* Problem to work on *
Reproduce the records below exactly, but only between the lines holding "Coque Poco F8" and "Onikuma X3 Gaming", inclusive.

** The records follows **

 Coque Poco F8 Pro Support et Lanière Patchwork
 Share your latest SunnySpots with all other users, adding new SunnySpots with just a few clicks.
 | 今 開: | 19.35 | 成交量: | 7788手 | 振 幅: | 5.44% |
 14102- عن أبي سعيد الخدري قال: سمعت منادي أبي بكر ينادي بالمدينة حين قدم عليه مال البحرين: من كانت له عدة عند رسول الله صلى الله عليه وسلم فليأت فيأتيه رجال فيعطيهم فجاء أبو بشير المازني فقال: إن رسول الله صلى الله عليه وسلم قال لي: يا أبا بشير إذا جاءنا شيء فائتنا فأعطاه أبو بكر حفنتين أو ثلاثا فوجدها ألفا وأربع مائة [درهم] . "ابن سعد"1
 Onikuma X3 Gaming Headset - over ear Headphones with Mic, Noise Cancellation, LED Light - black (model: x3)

** End of The records **
** The records follows **

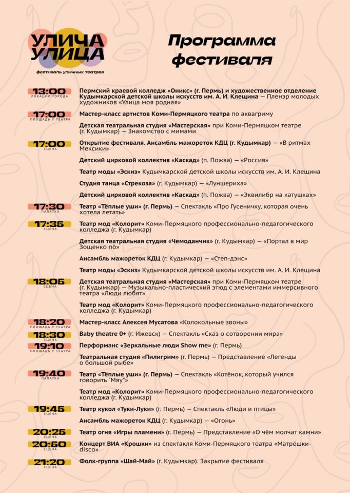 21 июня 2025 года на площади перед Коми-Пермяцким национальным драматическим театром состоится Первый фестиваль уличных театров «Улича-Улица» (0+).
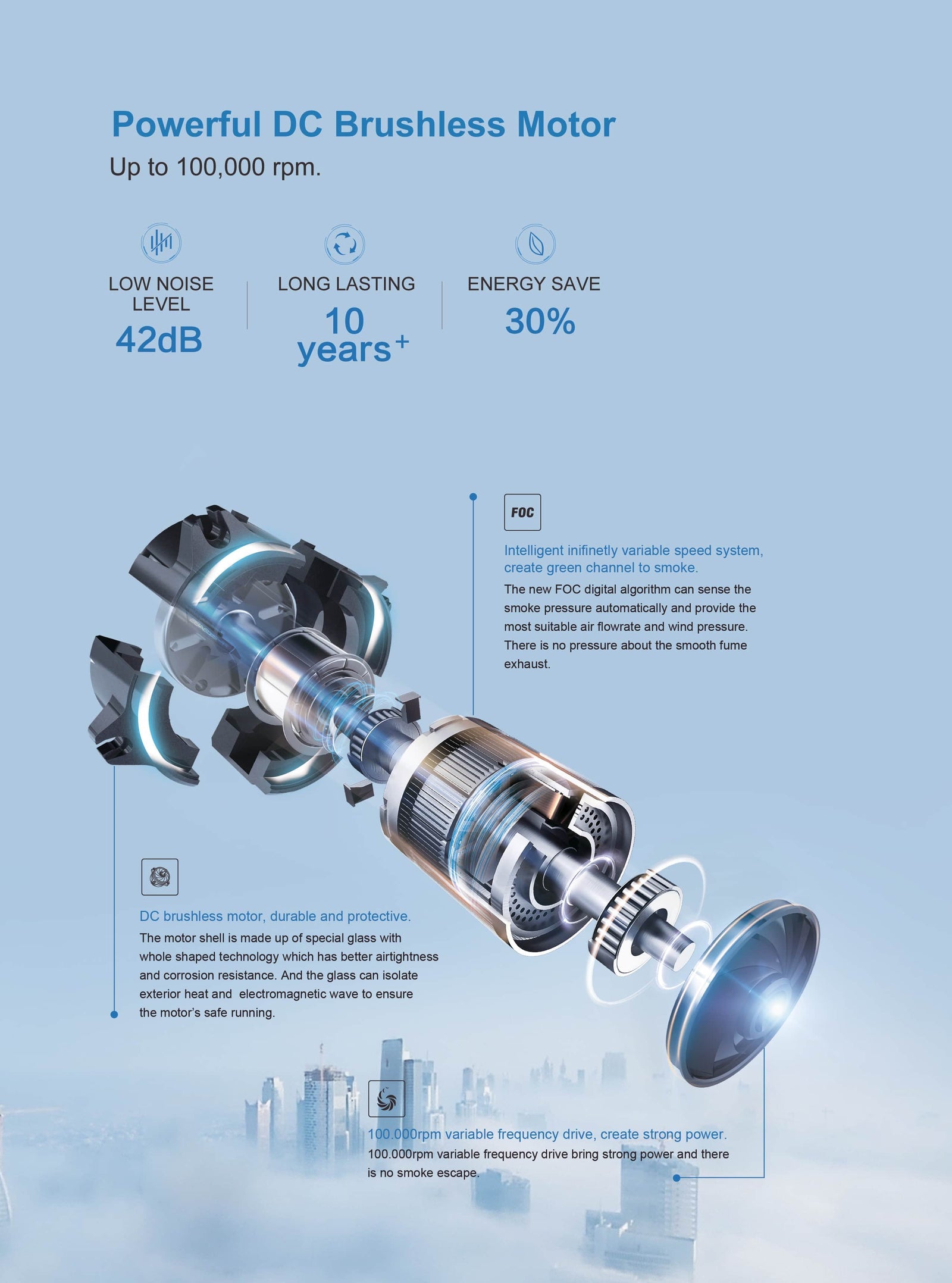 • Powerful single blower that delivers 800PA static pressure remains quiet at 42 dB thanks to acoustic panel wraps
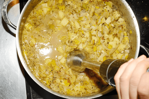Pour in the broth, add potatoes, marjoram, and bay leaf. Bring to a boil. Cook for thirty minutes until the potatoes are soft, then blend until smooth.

** End of The records **

* Answer box *
 Coque Poco F8 Pro Support et Lanière Patchwork
 Share your latest SunnySpots with all other users, adding new SunnySpots with just a few clicks.
 | 今 開: | 19.35 | 成交量: | 7788手 | 振 幅: | 5.44% |
 14102- عن أبي سعيد الخدري قال: سمعت منادي أبي بكر ينادي بالمدينة حين قدم عليه مال البحرين: من كانت له عدة عند رسول الله صلى الله عليه وسلم فليأت فيأتيه رجال فيعطيهم فجاء أبو بشير المازني فقال: إن رسول الله صلى الله عليه وسلم قال لي: يا أبا بشير إذا جاءنا شيء فائتنا فأعطاه أبو بكر حفنتين أو ثلاثا فوجدها ألفا وأربع مائة [درهم] . "ابن سعد"1
 Onikuma X3 Gaming Headset - over ear Headphones with Mic, Noise Cancellation, LED Light - black (model: x3)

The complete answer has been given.